Кейт страдальчески смотрела на мужа. Тот старательно избегал встретиться с ней взглядом, делая вид, что изучает содержимое тарелки.

– По-моему, предложить факультету русистики спонсорство только для того, чтобы оставить меня без работы, – это перебор.

– Это предупреждение всем. Если они вознамерятся наказать, то не остановятся ни перед чем. Но есть и другой момент. Нам нужна информация о России, нужны контакты в этой стране. А твое прежнее заведение может в этом плане очень пригодиться.

– А как насчет того, как меня едва не искалечили? Разнесли квартиру? Об этом Рикарду тоже рассказал?

– Не думаю, что он вообще об этом знает. Это же явно почерк его братца.

– Джейми, тебе нужно оттуда уйти! – заявила Кейт. – Особенно после того, что случилось с Ником. И уйти нужно сейчас, пока еще не слишком поздно.

– Уже слишком поздно. Тем более сейчас. С меня теперь глаз не спускают.

– Да наплюй ты на него, – возмутилась Кейт. – Уволься и все.

– Не так все просто, дорогая. За дом-то нужно платить. Мне понадобятся хорошие премиальные минимум за два года, чтобы пробить хоть какую-то брешь в ипотеке. А если уходить – то куда? Рикарду не тот человек, которого стоит иметь в числе своих врагов. Латиноамериканский рынок – тесная площадка. Все друг друга знают.

– Ты мог бы работать в Bloomfield Weiss, – неуверенно предположила Кейт. – Они только рады были бы.

– Ага, а если они проиграют свою войну с Dekker, что случится почти наверняка, я им нужен буду, как собаке пятая нога. И снова окажусь на улице.

– О, Джейми! – Кейт в отчаянии швырнула салфетку и выбежала из-за стола.

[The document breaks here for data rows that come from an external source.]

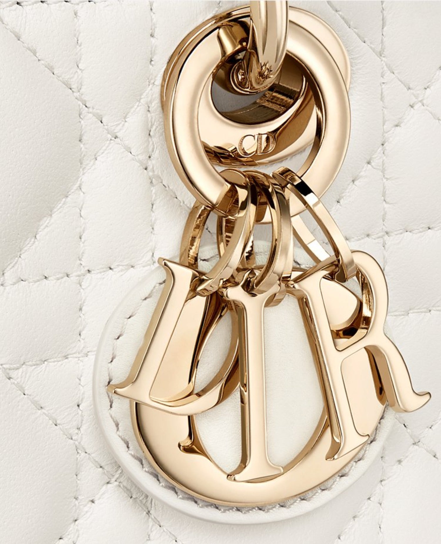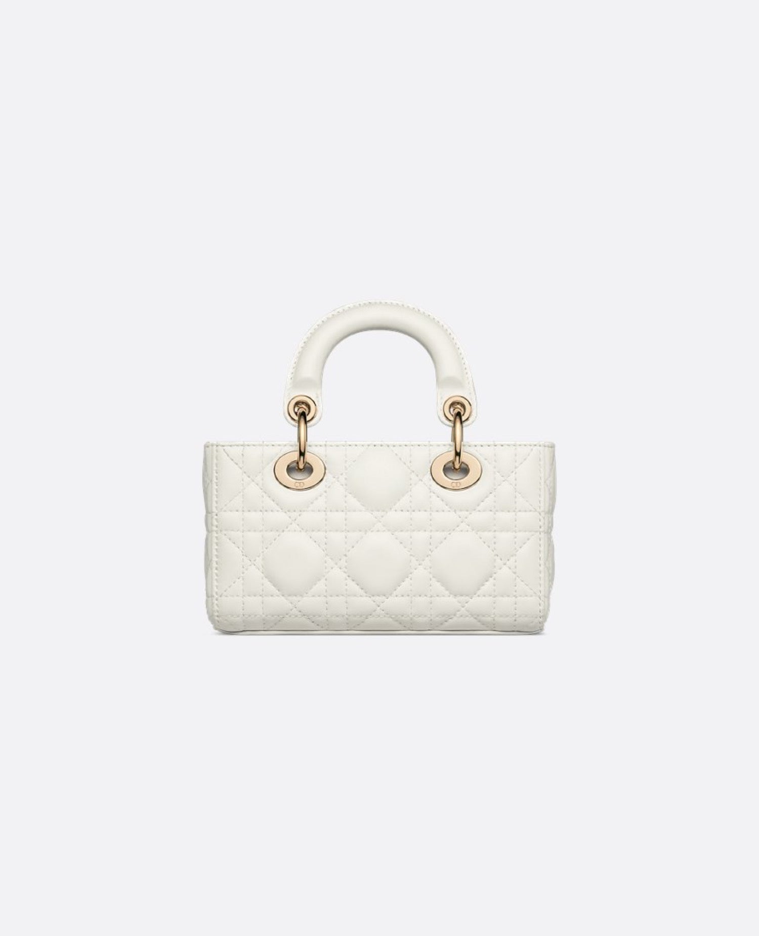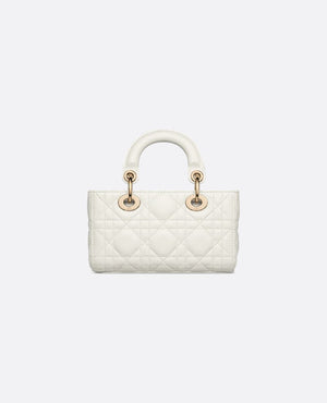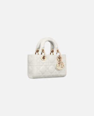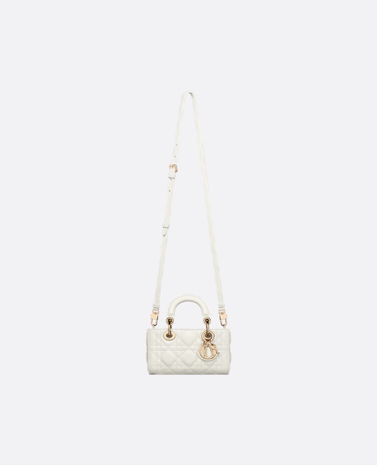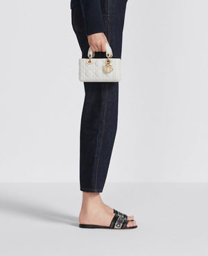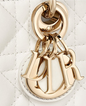 The Lady D-Joy micro bag perfectly embodies DR's vision of elegance and beauty. Refined and feminine, this timeless creation pays homage to the sleek design of the iconic Lady DR line. Crafted from latte-colored lambskin with Cannage stitching, it is embellished with DR charms in pale gold metal. Featuring a detachable chain strap and an adjustable and removable leather strap, this Lady D-Joy micro bag can be carried by hand, on the shoulder, or across the body, making it the perfect companion for day or night.
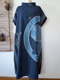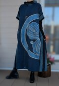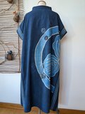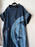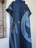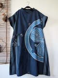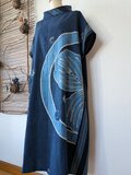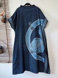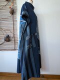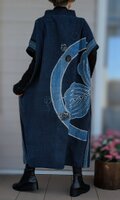古布リメイク 家紋+縞木綿のロールカラー AラインBigワンピース 襤褸 刺し子 古布 着物リメイク
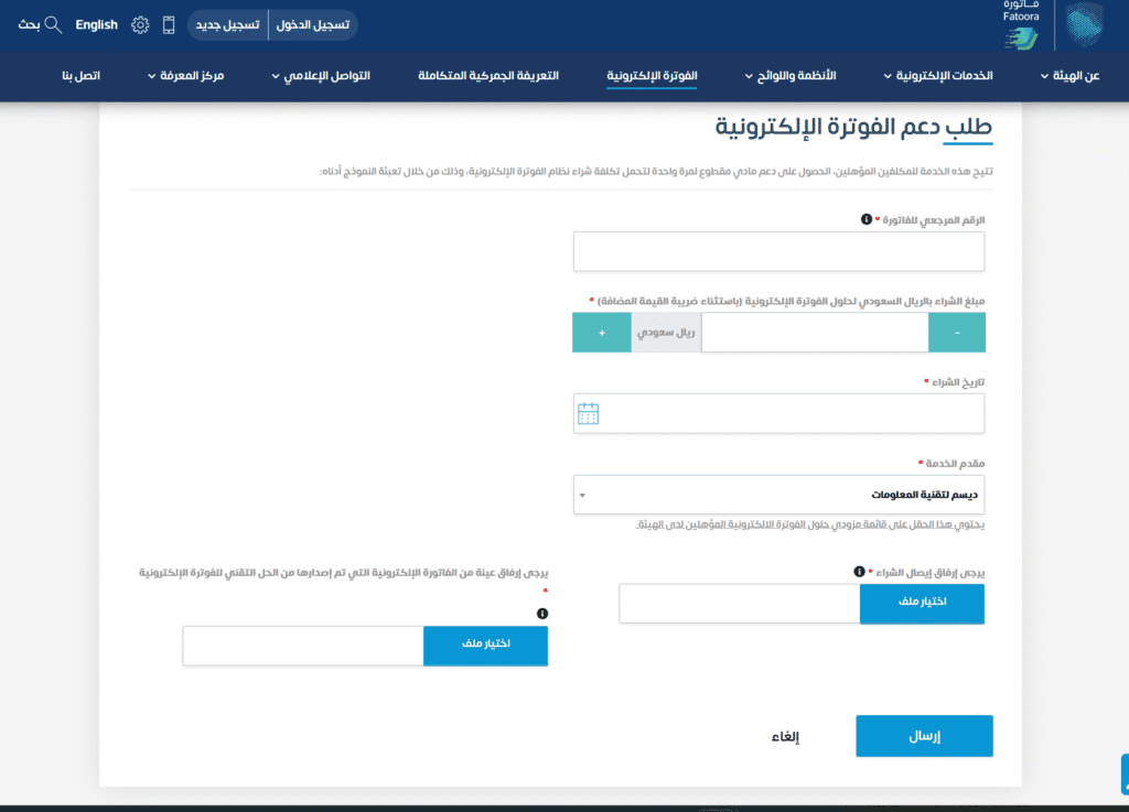 3. اطلب الدعم: داخل القسم، ستجد أيقونة واضحة لـ “طلب دعم الفوترة الإلكترونية“، اضغط عليها.
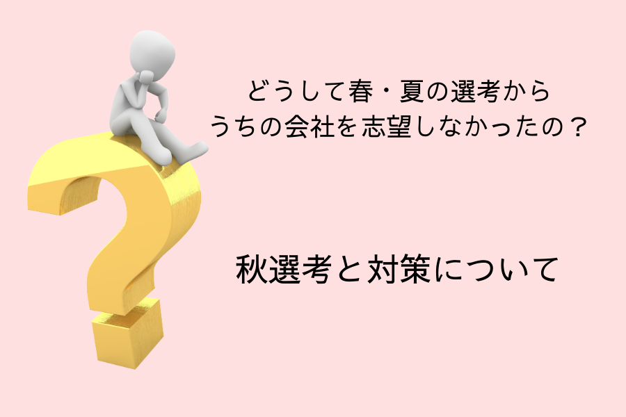 秋採用ならではの質問として「どうして秋採用に参加しているのか」「なぜ最初から志望しなかったのか」が聞かれます。責めているわけではなく、キャリアプランや本気度を図るために行われています。
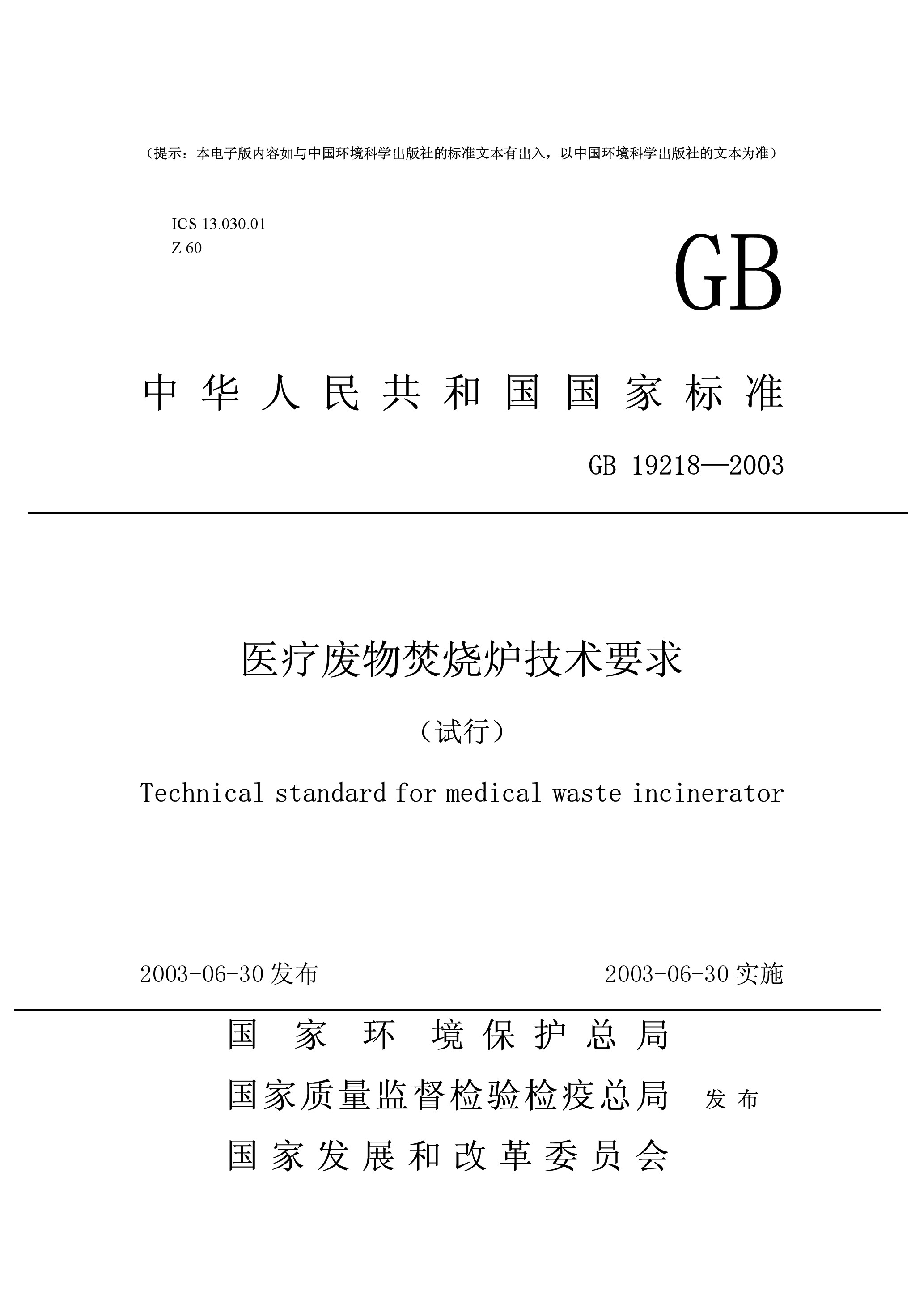 醫(yī)療廢物焚燒爐技術(shù)要求(試行)(GB 19218-2003)
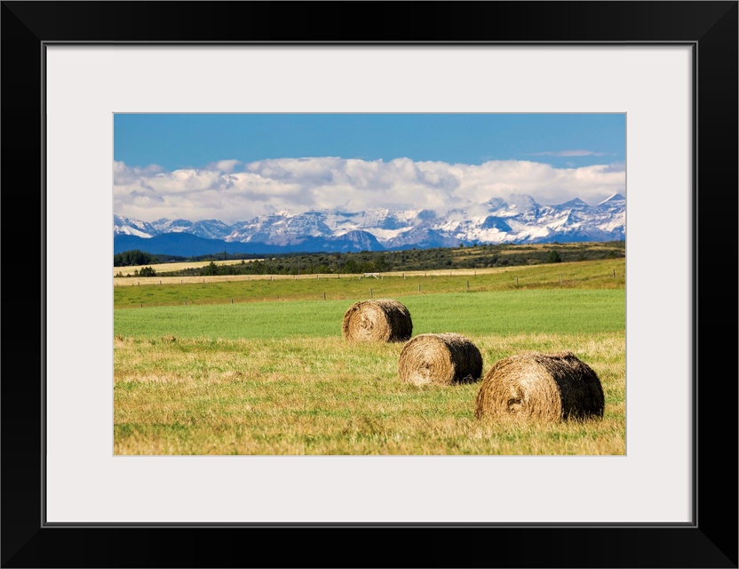 <p>Three hay bales in a field with mountains in the background slightly snow covered and cloudy with blue sky, Alberta, Canada.</p>
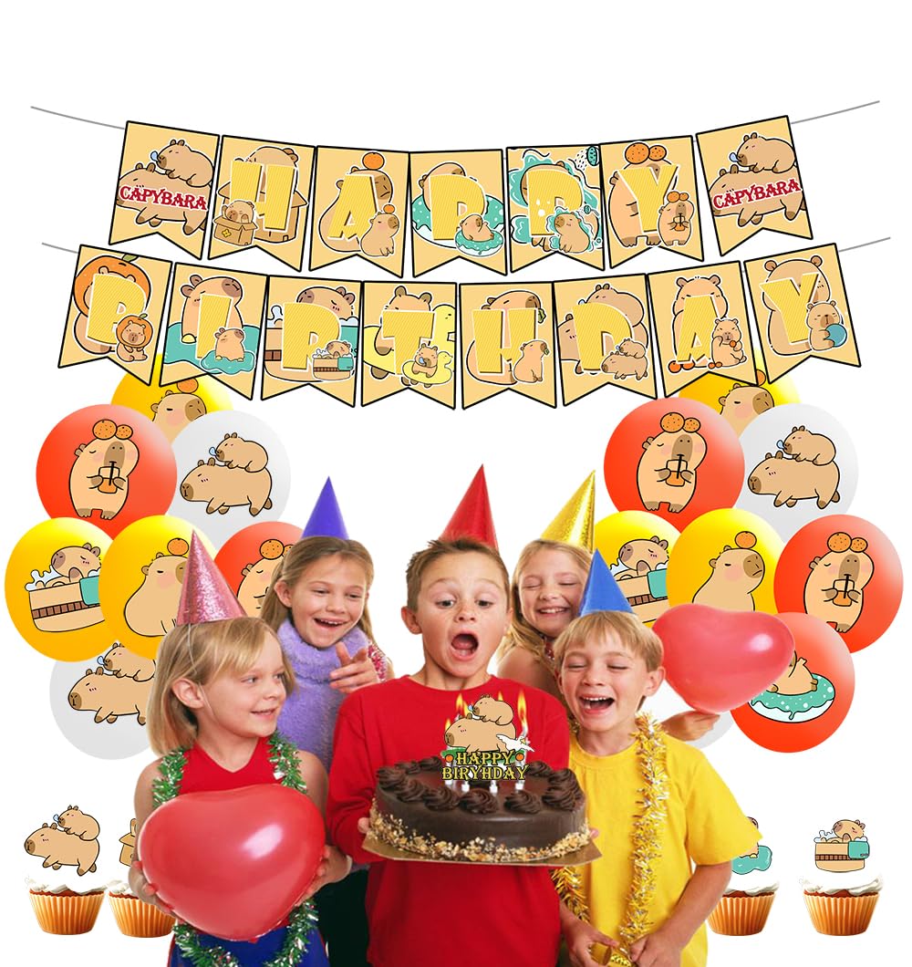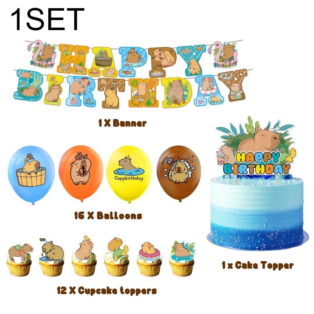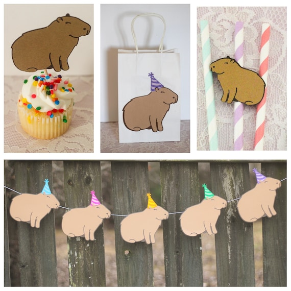 Les décorations de fête sur le thème de Capybara comprennent une bannière d'anniversaire Capybara pour gâteau, des décorations de cupcakes, des ballons Décoration De Fête d'anniversaire Capybara, Fournitures De Fête Capybara : apparence, comportement, environnement naturel Autocollant Anime CAPYBARA DÉCORATIONS DE Fête D'anniversaire Capybara Fournitures De Decoration Anniversaire Enfant Matériau : les décorations d'anniversaire Capybara sont fabriquées en carton blanc de qualité supérieure. Réutilisable, rendant votre fête plus colorée et...

Мы оба молчали. Неловкая пауза затягивалась, Джейми ее нарушил первым.

– Извини.

– За что? Я волен ломать свою судьбу, как мне угодно. Это не значит, что ты из солидарности должен сделать то же самое. У тебя жена, сын.

И амбиции, закончил я мысленно фразу. В конторе Джейми был на хорошем счету, и если он будет паинькой, то через несколько лет станет миллионером. А это мечта всей его жизни.

Но все-таки он был моим старым другом. И я не хотел, чтобы из-за меня он отказывался от своей мечты.

Мы вдвоем убрались на кухне и разошлись спать. Кейт так и не появилась.

Наш разговор состоялся на следующий день. Джейми отправился на работу, а Кейт только что отвезла Оливера в школу. Погода стояла великолепная, светило солнышко, дул теплый ветерок. Мы сели в саду, прихватив с собой по чашке кофе.

– А ты знаешь, что у твоего крестника появилась подружка?

– М-мм? А не рановато ли?

– По-моему, как раз в этом возрасте они начинают интересоваться противоположным полом, а через год-другой теряют к нему интерес.

– И как же ее зовут?

– Джессика.

– Хорошенькая?

– Об этом лучше спросить Оливера. На мой взгляд, чересчур пухленькая. Но она играет с его ракетами и прочей техникой, а это главное. Как-то он спросил меня, может ли Джессика прийти к нам поиграть. Робел – не то слово! Такой трогательный.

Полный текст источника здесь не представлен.